As a result of the subpixel reordering associated with the swap vector, the graphics engine correctly reorders all sample points where one fragment interpenetrates an adjacent fragment. This reordering is needed in order to property handle the color computation of pixels having at least one partially transparent fragment.
It is noted that the fragment processing pipeline does not correctly handle arbitrary interpenetration, such as one perpendicular fragment interpenetrating many parallel fragments. However, such cases are rare, and moreover the error in such cases is not large because of the many surfaces viewed in series and the small coverage of the perpendicular fragment.
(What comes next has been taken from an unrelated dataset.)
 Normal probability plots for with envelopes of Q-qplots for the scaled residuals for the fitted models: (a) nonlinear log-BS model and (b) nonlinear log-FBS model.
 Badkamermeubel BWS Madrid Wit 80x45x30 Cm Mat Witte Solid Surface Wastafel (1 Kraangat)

After all the fragments for a pixel have been processed by the per pixel color accumulator 464, an average pixel color calculator 466 sums the colors from all the sample points and divides that result by the number of samples per pixel to generate the color value (R, B, G and Alpha) for the pixel. This pixel color value is generated using all the available fragment information, even if the number of fragments in the pipeline exceeds the fragment memory storage available in the pixel memory. As a result, the pixel color value generated by the pixel color computation stage 406 may be more accurate than the color value that can be generated after the pixel's fragments have been processed by the fragment compression stage 408 of the pipeline.
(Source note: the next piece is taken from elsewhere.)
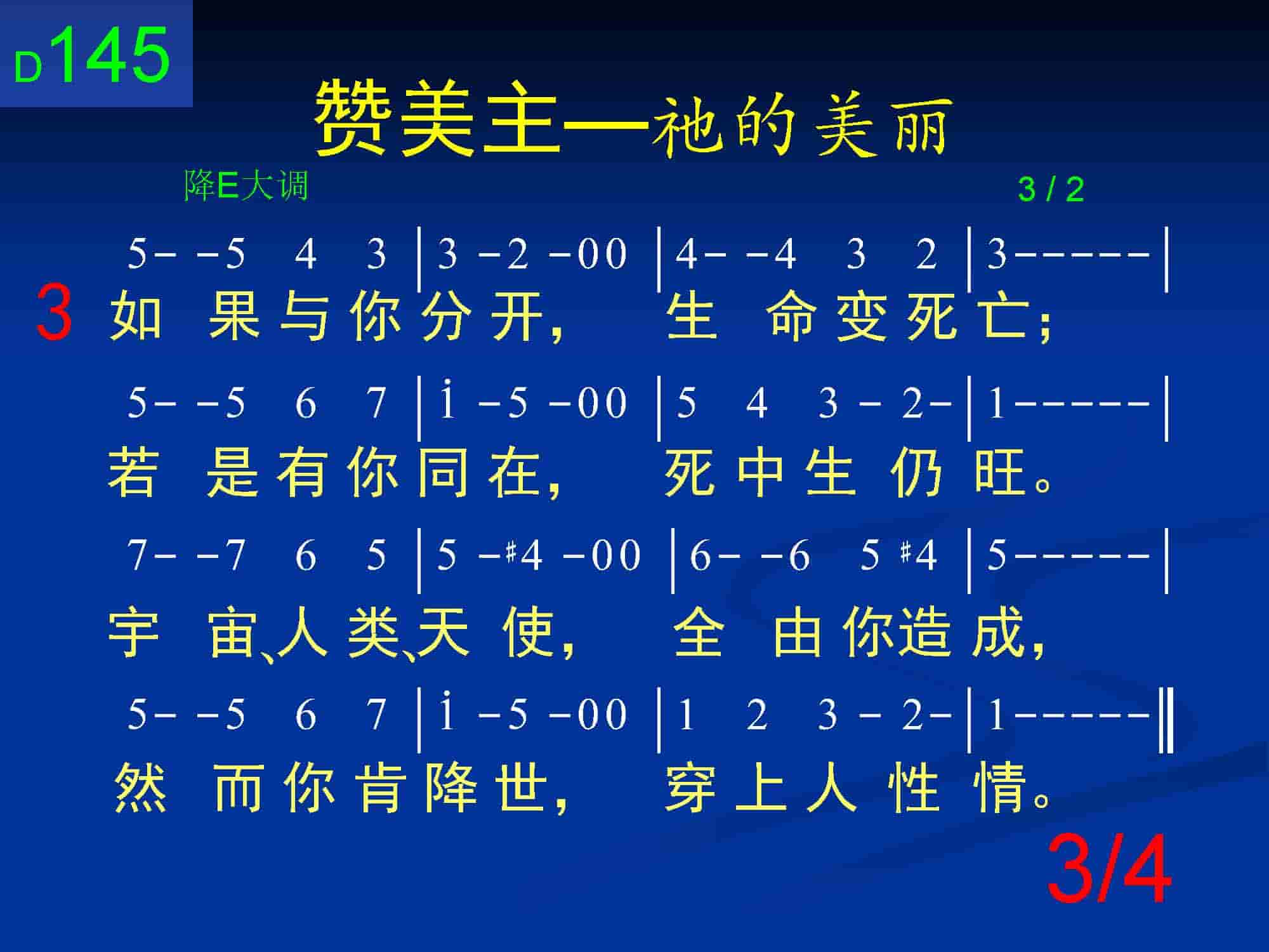 如果与你分开,生命变死亡;若是有你同在,死中生仍旺。宇宙、人类、天使,全由你造成,然而你肯降世,穿上人性情。

Fragment compression only takes place when the number of fragments exceeds the preset limit k. Because the fragments are sorted in order of increasing center Z values, we know that the two closest fragments (in terms of their center Z values) are adjacent to each other in the pipeline. Although differences between center Z values and per sample point Z values are significant for occlusion and color calculations, we have found that center Z values are adequate for merging of fragments. Referring to
Because merging may introduce errors, the fragment compression stage is designed to minimize the extent of these errors. In general, changes to fragments covering a small number of sample points result in smaller pixel errors than changes to fragments covering a large number of sample points. Also, the information content (in terms of the final pixel color) of a fragment entry covering many sample points is higher than that of an entry covering just one or a few sample points. For this reason we also weight the Z difference calculations by the minimum of the sample coverage counts of the two fragments. What this does is bias the selection towards the combining of small fragments that may be a little further apart rather than larger fragments that may be a little closer. We have found that this improves the final image quality.
To handle merging of interpenetrating transparent fragments correctly, the fragment combining stage 408 uses information that was saved during pixel color computation in the swap vector 456. There is a swap vector for each pair of fragments and it has a bit for each sample point. The swap vector bit is set when the order of a pair of fragments must be swapped during color computation of that sample point due to interpenetration of the fragments. After the swap vector has been computed on either side of a fragment, subsequent stages of the pipeline do not process the per sample-point Z information, which reduces the amount of circuitry used by those pipeline stages.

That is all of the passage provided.